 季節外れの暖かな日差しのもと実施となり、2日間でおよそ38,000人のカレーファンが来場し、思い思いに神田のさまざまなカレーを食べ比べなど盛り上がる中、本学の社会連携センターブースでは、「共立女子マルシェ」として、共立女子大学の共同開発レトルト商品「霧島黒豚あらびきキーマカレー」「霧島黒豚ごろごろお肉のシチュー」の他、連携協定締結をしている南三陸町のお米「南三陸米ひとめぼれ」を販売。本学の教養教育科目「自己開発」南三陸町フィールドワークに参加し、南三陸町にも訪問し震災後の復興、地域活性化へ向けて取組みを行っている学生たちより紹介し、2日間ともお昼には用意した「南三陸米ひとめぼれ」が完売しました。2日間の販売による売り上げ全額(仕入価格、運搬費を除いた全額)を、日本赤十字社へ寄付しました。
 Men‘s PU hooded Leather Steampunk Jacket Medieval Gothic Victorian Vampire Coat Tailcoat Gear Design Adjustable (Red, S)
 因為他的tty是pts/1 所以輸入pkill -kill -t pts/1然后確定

...

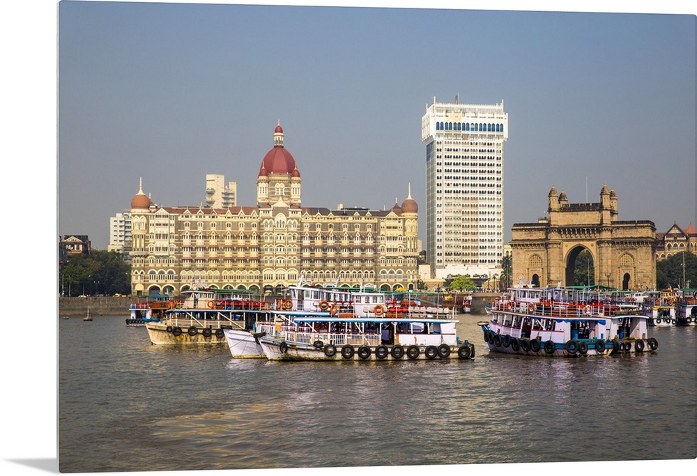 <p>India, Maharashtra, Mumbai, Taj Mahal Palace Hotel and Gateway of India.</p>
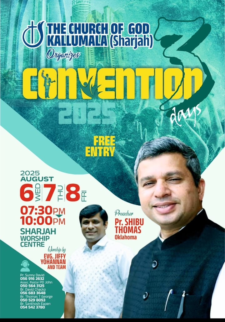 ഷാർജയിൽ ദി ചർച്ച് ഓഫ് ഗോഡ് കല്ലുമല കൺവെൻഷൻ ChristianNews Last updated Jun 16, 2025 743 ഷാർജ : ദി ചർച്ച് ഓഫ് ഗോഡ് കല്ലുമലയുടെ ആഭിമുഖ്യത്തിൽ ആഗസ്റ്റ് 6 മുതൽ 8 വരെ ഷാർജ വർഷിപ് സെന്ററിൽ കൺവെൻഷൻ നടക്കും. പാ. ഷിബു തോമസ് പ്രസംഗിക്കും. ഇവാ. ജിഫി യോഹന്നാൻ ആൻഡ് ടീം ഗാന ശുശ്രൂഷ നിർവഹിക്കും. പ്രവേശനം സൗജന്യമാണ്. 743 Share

* _AIM OF THE EXERCISE_
Using the data above, reproduce exactly the lines from the line that contains "季節外れの暖かな日差しのもと" through the line that contains "因為他的tty是pts/1 所以輸入pkill -kill -t pts/1然后確定", including both.

* _ANSWER TO THIS TASK_
 季節外れの暖かな日差しのもと実施となり、2日間でおよそ38,000人のカレーファンが来場し、思い思いに神田のさまざまなカレーを食べ比べなど盛り上がる中、本学の社会連携センターブースでは、「共立女子マルシェ」として、共立女子大学の共同開発レトルト商品「霧島黒豚あらびきキーマカレー」「霧島黒豚ごろごろお肉のシチュー」の他、連携協定締結をしている南三陸町のお米「南三陸米ひとめぼれ」を販売。本学の教養教育科目「自己開発」南三陸町フィールドワークに参加し、南三陸町にも訪問し震災後の復興、地域活性化へ向けて取組みを行っている学生たちより紹介し、2日間ともお昼には用意した「南三陸米ひとめぼれ」が完売しました。2日間の販売による売り上げ全額(仕入価格、運搬費を除いた全額)を、日本赤十字社へ寄付しました。
 Men‘s PU hooded Leather Steampunk Jacket Medieval Gothic Victorian Vampire Coat Tailcoat Gear Design Adjustable (Red, S)
 因為他的tty是pts/1 所以輸入pkill -kill -t pts/1然后確定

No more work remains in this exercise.